Problem details: Leaving out pictures, output exactly the lines below from the one that has "OmschrijvingAjour gebreide trui" through the one that has "A pesar de que", and nothing else.

Material supplied:
▬▬▬

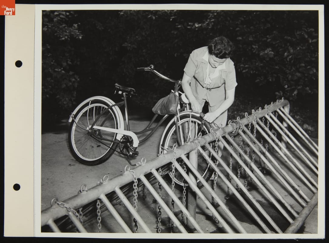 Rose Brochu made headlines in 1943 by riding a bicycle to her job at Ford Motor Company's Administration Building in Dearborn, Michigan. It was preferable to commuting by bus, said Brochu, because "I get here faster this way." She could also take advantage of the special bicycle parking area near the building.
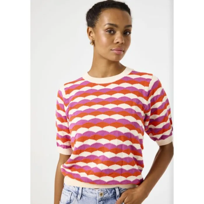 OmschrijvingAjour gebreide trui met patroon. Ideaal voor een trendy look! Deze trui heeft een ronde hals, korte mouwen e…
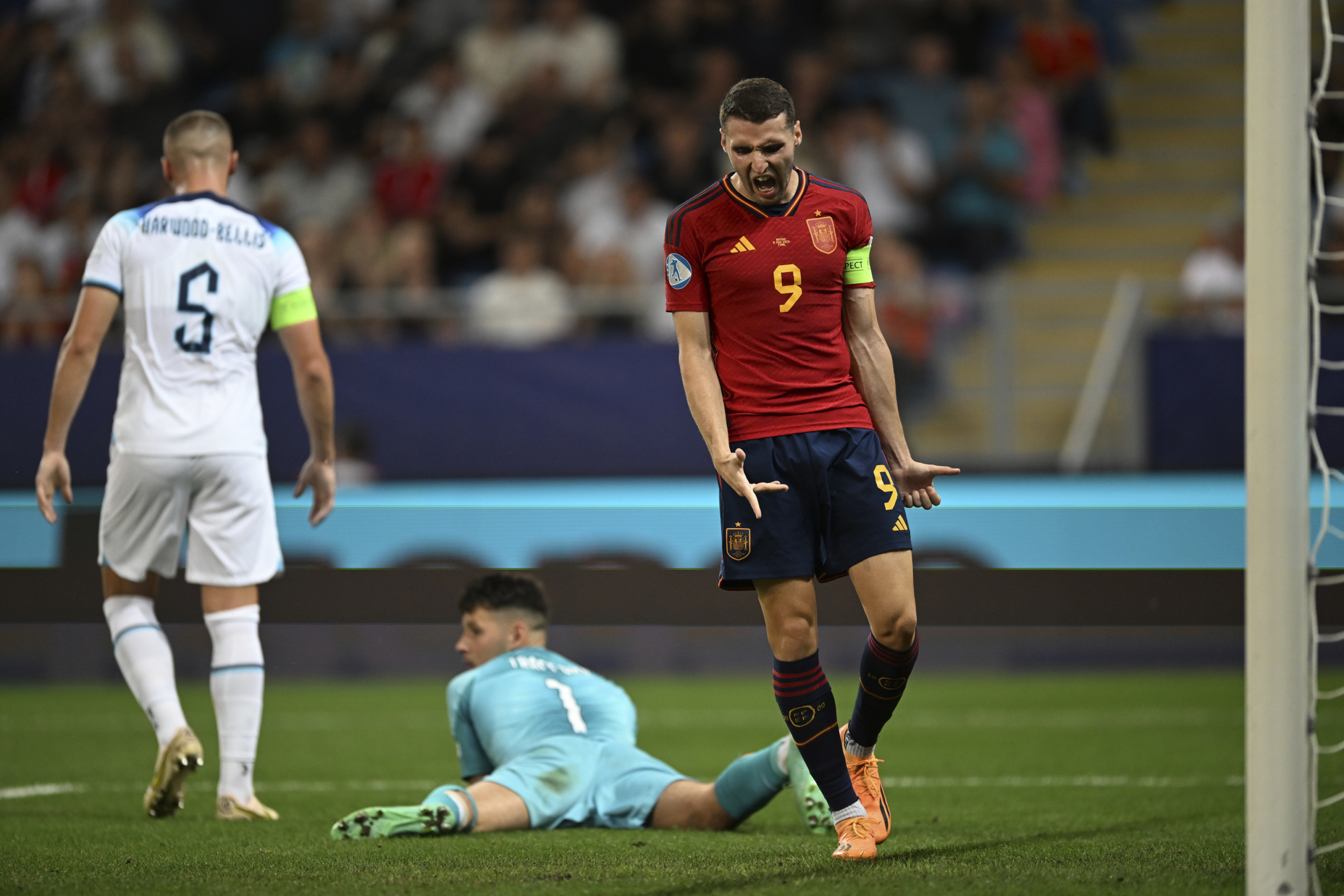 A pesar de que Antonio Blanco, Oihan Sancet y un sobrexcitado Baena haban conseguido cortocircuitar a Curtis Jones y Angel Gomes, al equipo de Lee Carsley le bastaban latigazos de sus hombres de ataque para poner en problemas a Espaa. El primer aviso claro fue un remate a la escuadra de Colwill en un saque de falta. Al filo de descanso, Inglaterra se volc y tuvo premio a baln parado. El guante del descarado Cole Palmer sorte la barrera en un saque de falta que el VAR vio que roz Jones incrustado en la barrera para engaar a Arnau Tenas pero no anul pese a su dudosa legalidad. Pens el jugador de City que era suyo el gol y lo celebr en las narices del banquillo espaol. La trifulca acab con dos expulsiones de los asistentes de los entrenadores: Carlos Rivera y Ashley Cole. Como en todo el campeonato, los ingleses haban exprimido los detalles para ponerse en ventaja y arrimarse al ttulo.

▬▬▬

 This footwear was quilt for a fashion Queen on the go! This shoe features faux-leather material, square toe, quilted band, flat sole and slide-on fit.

▬▬▬

Output for this task:
 OmschrijvingAjour gebreide trui met patroon. Ideaal voor een trendy look! Deze trui heeft een ronde hals, korte mouwen e…
 A pesar de que Antonio Blanco, Oihan Sancet y un sobrexcitado Baena haban conseguido cortocircuitar a Curtis Jones y Angel Gomes, al equipo de Lee Carsley le bastaban latigazos de sus hombres de ataque para poner en problemas a Espaa. El primer aviso claro fue un remate a la escuadra de Colwill en un saque de falta. Al filo de descanso, Inglaterra se volc y tuvo premio a baln parado. El guante del descarado Cole Palmer sorte la barrera en un saque de falta que el VAR vio que roz Jones incrustado en la barrera para engaar a Arnau Tenas pero no anul pese a su dudosa legalidad. Pens el jugador de City que era suyo el gol y lo celebr en las narices del banquillo espaol. La trifulca acab con dos expulsiones de los asistentes de los entrenadores: Carlos Rivera y Ashley Cole. Como en todo el campeonato, los ingleses haban exprimido los detalles para ponerse en ventaja y arrimarse al ttulo.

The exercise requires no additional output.